A likely location is in New York City, where the Stonewall riots sparked the modern gay-rights movement almost a half-century ago.
"It sounded like screaming and real cries of agony and desperation finally being released," recalls Martin Boyce, 68, who participated in the riots in the early hours of June 28, 1969.
On that hot and humid night in New York's West Village neighborhood, Boyce walked over to a gay bar called the Stonewall Inn after he heard that a police raid was underway. He says he expected to see a routine scene.
"What we used to normally do at the time was look at the raid, see people coming out, who got arrested, and be glad it wasn't you," he says.
New York's LGBT community had already endured years of police raids on gay bars and beatings on the street. There were regular arrests for homosexual acts or for not wearing at least three pieces of clothing that police considered appropriate for a person's sex.
"It was so much violence up to that time on the part of the police, so much discrimination," Boyce says. "We bore it all. We didn't think we could have a riot. We didn't think we could change anything. But that night was so different."
Hundreds of bar patrons and onlookers, including Boyce, fought back against the raid with glass bottles, loose cobblestones and burning trash, launching violent protests in New York City that continued on and off for days.
The Stonewall riots were not the first attempt to push for equal treatment of the LGBT community, but it became an important rallying cry that fueled the gay-rights movement and is now commemorated every year during LGBT Pride Month.
"It managed to capture the imagination of a whole new generation. It used the tactics not of people picketing in suits and ties, but people demanding their rights in loud voices as had never happened before," says Lillian Faderman, a scholar of LGBT history.
Housed in two brick buildings, the original Stonewall Inn bar closed months after the riots. The rotation of businesses that took over the space includes a men's clothing store, a bagel shop and the Szechuan Cottage Restaurant.

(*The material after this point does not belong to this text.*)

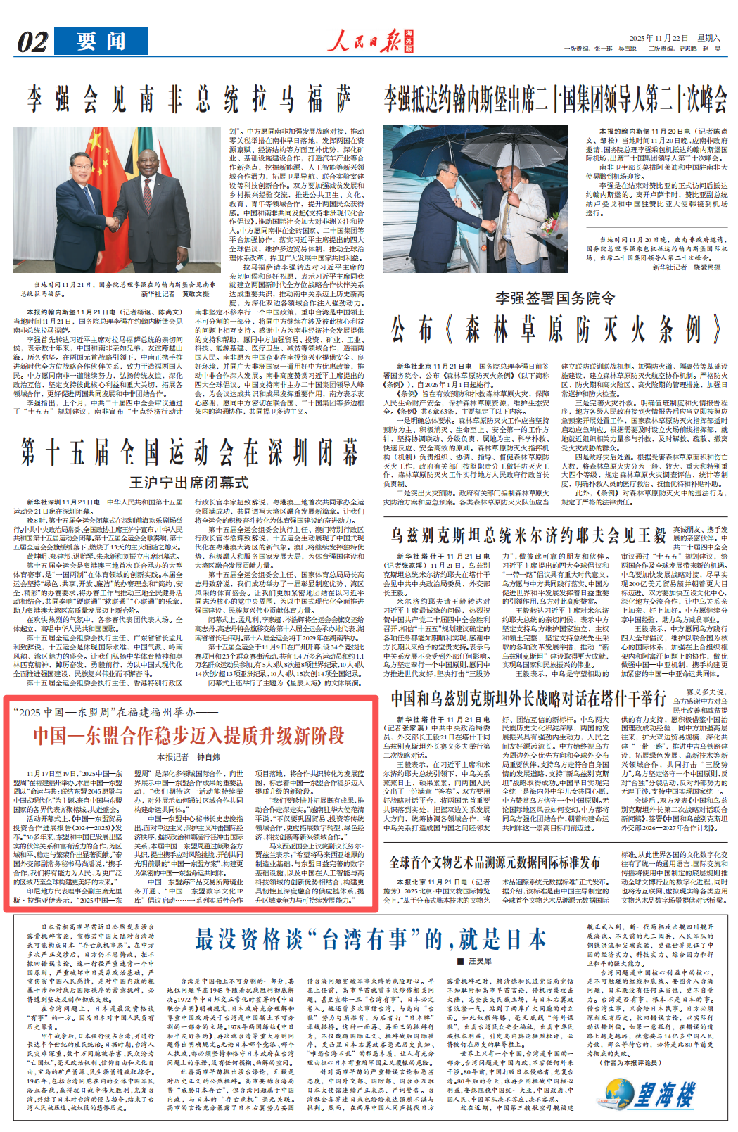 11月22日,人民日报海外版要闻二版刊发报道《“2025中国—东盟周”在福建福州举办——中国—东盟合作稳步迈入提质升级新阶段》。11月17日至19日在福建福州举办的“2025中国—东盟周”,以“命运与共:联结东盟2045愿景与中国式现代化”为主题,来自中国与东盟国家的各界代表齐聚榕城,共赴盛会。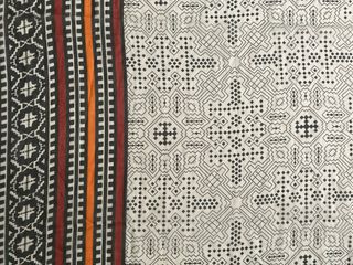 Fular con un diseño geométrico y tribal. - Estampado en blanco y negro con detalles en rojo y naranja. - Diseño de líneas y rombos. - Borde con motivos circulares.

Before it became a gay bar in 1967, the buildings were once occupied by Bonnie's Stone Wall, a Prohibition-era tearoom that opened in 1930 and later became a restaurant known as Bonnie's Stonewall Inn. According to David Carter's Stonewall: The Riots That Sparked The Gay Revolution, the tearoom's name was likely a reference to Mary Casal's The Stone Wall, a book about lesbian love.
Originally built as horse stables in the 1840s, the buildings are now home to a nail salon and, next door, a new Stonewall Inn bar that's been serving drinks to both tourists and locals since 2007.
"I come here because I want to make sure the Stonewall is never going to go out of business because it's important to our history," says Rick Mark, 28, who says he's been stopping by the bar every few weeks since he moved to New York from Seattle a few months ago.
The buildings have already been named a historic landmark by New York City and the federal government. Now, momentum is growing for a national monument.
A bill in Congress would designate the Stonewall Inn and the area around it as part of the National Park Service. The Rev. Franklin Graham — Billy Graham's son and an evangelical Christian leader — has criticized such a proposal for creating a "monument to sin."
But at a recent public meeting in Manhattan, dozens lined up in a school auditorium blocks away from the Stonewall Inn to voice their support for the proposal in front of Obama administration officials seated on stage.
"The National Park Service is America's storyteller, and we know that there are very, very important parts of our story that have yet to be told," said Sally Jewell, the secretary of the Department of the Interior, who was joined by the director of the National Park Service, Jonathan Jarvis.
Several meeting attendees expressed concerns about how the history of Stonewall has been retold and who is acknowledged to have been part of the riots. Melissa Sklarz, a transgender woman, highlighted the role of transgender activists during the Stonewall riots, which, she said, some have overlooked in past remembrances of the event.
"Those that had seats at the table made sure that their voices were heard and their faces were seen," she said.
Previous attempts at memorializing Stonewall with plaques and statues have been criticized for not explicitly acknowledging transgender people and people of color. For Faderman, author of The Gay Revolution, this is part of a debate that has always tested the unity of the LGBT umbrella.
"There's no doubt that Stonewall is a symbol for the entire LGBT movement," says Faderman, citing photos taken on the first night of the riots that show a crowd that was mixed in terms of race and gender identity.
But she adds that there are many details we may never know for sure, like who exactly was in the crowd and who started the rioting. And that leaves a lot of room for different versions of Stonewall's history.
"There are all sorts of mysteries still shrouded in Stonewall," she says. "I think most of the people who were there are no longer with us. So they can't clear the mysteries up for us."
It's also unclear when a national monument at the site of the Stonewall riots will be officially announced. But even if Congress doesn't act, plans for the monument can still move forward.
New York Gov. Andrew Cuomo signed a state law in April that will allow the city park outside the Stonewall Inn to become federal land. That means President Obama could use his executive authority under the Antiquities Act to declare the land a historic site just in time for Pride Month next month.